Ah hah! You want the long-ago-proposed 'cond' form.
pick([{Test,Act}|Rest]) ->
case Test()
of true -> Act()
; false -> f(Rest)
end.
> fun(...) ->
> C1 = cond1(...),
> C2 = C1 orelse cond2(...),
> C3 = C2 orelse cond3(...),
> if C1 -> ...;
> C2 -> ...;
> C3 -> ...;
> true -> ...
> end.
fun(...) ->
pick([
{fun () -> cond1... end,
fun () -> action1... end},
{fun () -> cond2... end,
fun () -> action2... end},
{fun () -> cond3... end,
fun () -> action3... end},
{fun () -> true end,
fun () -> action4... end}).
Choose your own name for this.
However, I cannot help feeling that in each specific instance
of this there would be something better to write instead. So
how about showing us a real example?
>
> I guess this also implies the question: why does Erlang require the conditions in an if statement to be guards?
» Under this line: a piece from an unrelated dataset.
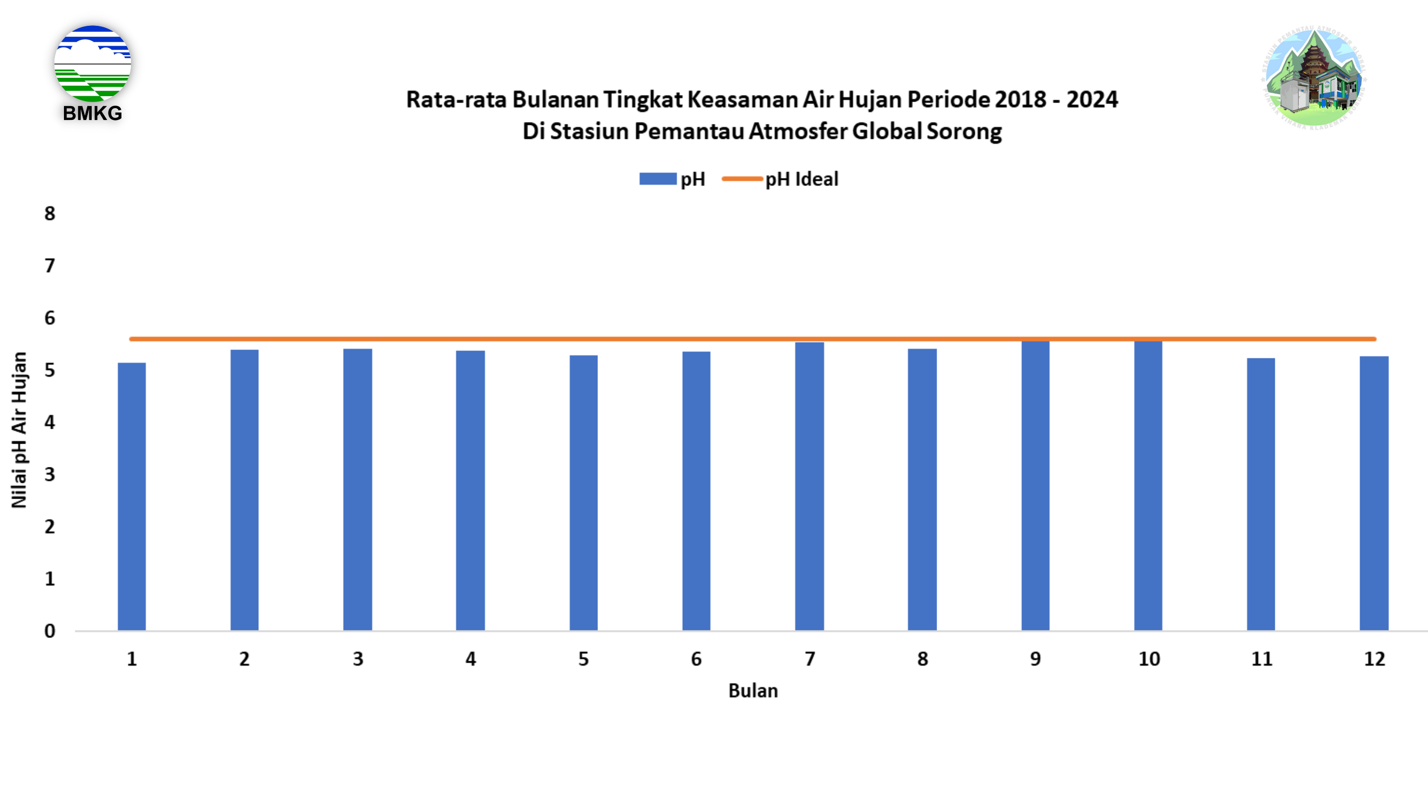 Tingkat Keasaman air hujan di Stasiun Pemantau Atmosfer Global (GAW) Sorong selama tahun 2018 – 2024 adalah sebagai berikut:

Because back when Erlang was invented, there were no conditions that
were not guard tests *only*. For example, X > Y was not an expression.
There were no andalso or orelse.
Ah, the good old days, before Erlang tried to turn into something else
but got stuck half way.
I really must finish writing up the '-guard' declaration EEP.